■ WORK ITEM
Write out the lines below once more, exactly as they appear. Do not include pictures.

■ COLLECTED MATERIAL
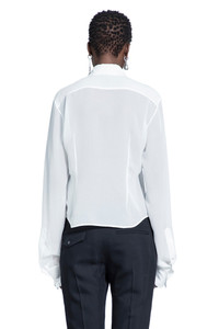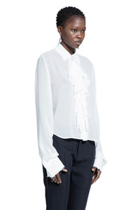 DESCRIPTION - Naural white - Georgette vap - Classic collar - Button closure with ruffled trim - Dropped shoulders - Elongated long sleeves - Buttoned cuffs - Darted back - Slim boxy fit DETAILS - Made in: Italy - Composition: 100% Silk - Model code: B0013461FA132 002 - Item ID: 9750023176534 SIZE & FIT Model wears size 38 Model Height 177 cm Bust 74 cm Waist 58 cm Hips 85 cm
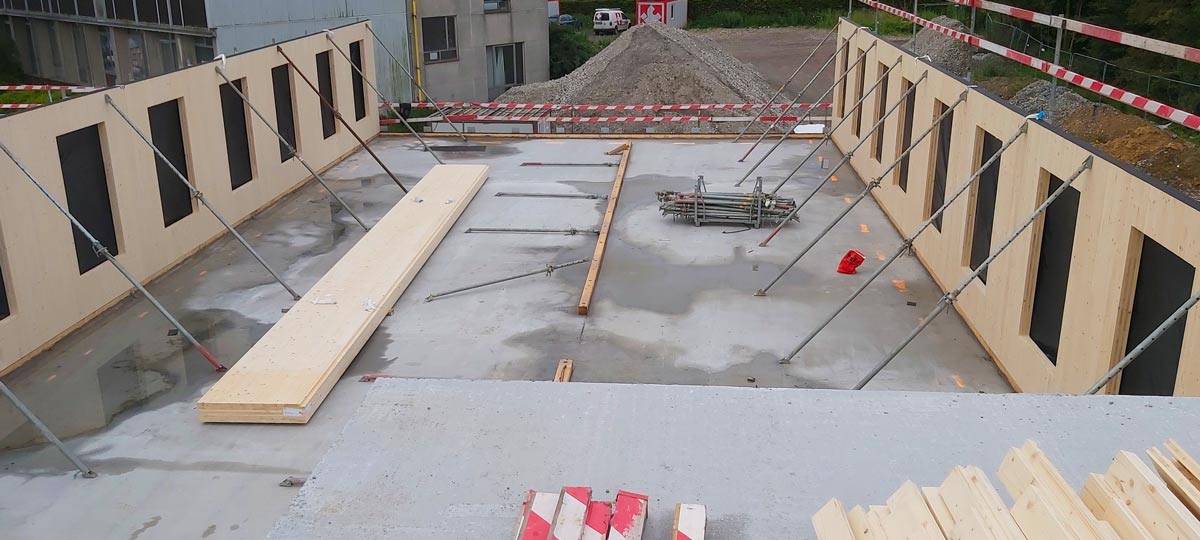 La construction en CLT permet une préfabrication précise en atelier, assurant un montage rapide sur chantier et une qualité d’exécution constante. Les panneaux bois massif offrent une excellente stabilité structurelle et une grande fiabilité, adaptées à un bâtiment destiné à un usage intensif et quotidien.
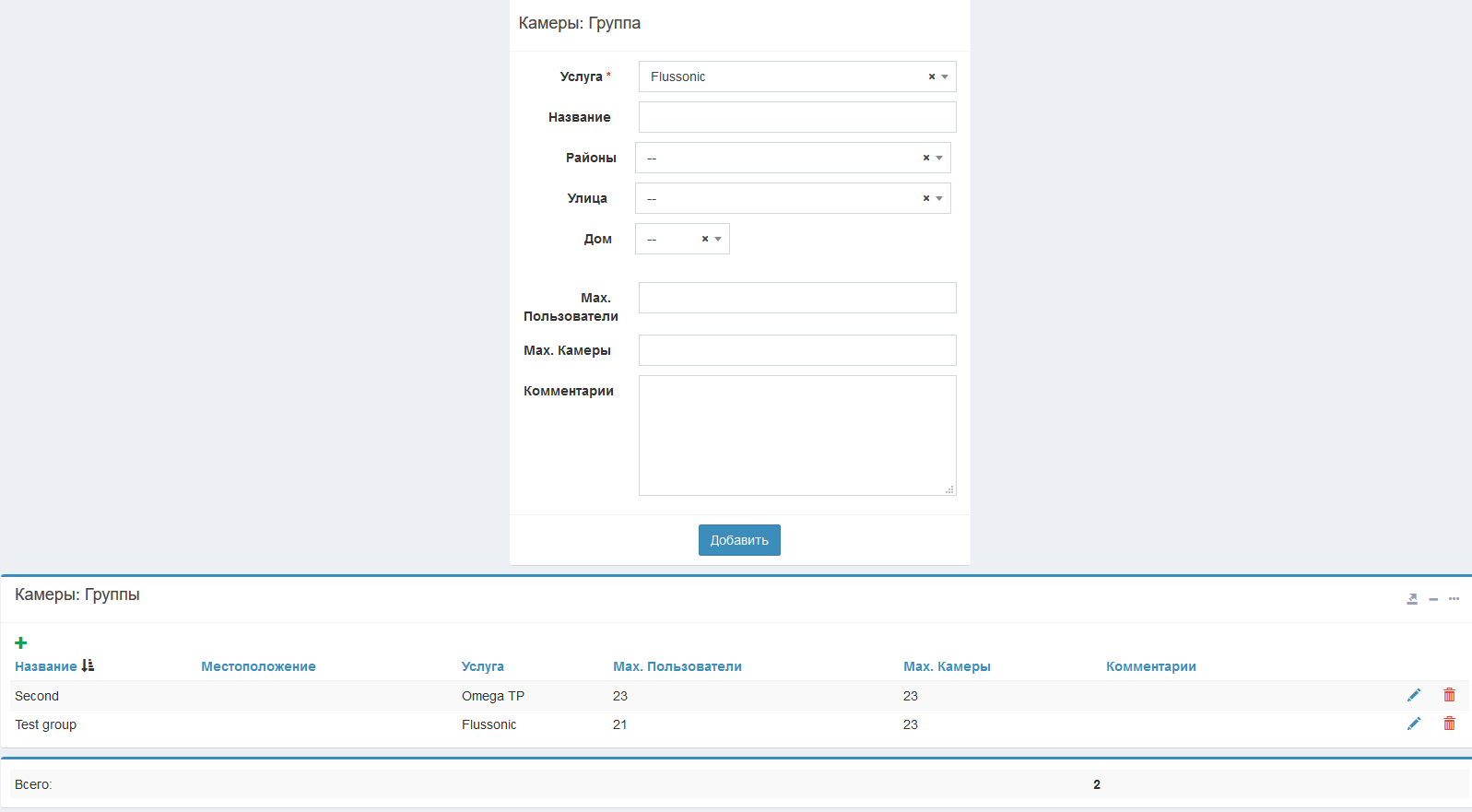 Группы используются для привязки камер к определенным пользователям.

■ PROBLEM SOLUTION
 DESCRIPTION - Naural white - Georgette vap - Classic collar - Button closure with ruffled trim - Dropped shoulders - Elongated long sleeves - Buttoned cuffs - Darted back - Slim boxy fit DETAILS - Made in: Italy - Composition: 100% Silk - Model code: B0013461FA132 002 - Item ID: 9750023176534 SIZE & FIT Model wears size 38 Model Height 177 cm Bust 74 cm Waist 58 cm Hips 85 cm
 La construction en CLT permet une préfabrication précise en atelier, assurant un montage rapide sur chantier et une qualité d’exécution constante. Les panneaux bois massif offrent une excellente stabilité structurelle et une grande fiabilité, adaptées à un bâtiment destiné à un usage intensif et quotidien.
 Группы используются для привязки камер к определенным пользователям.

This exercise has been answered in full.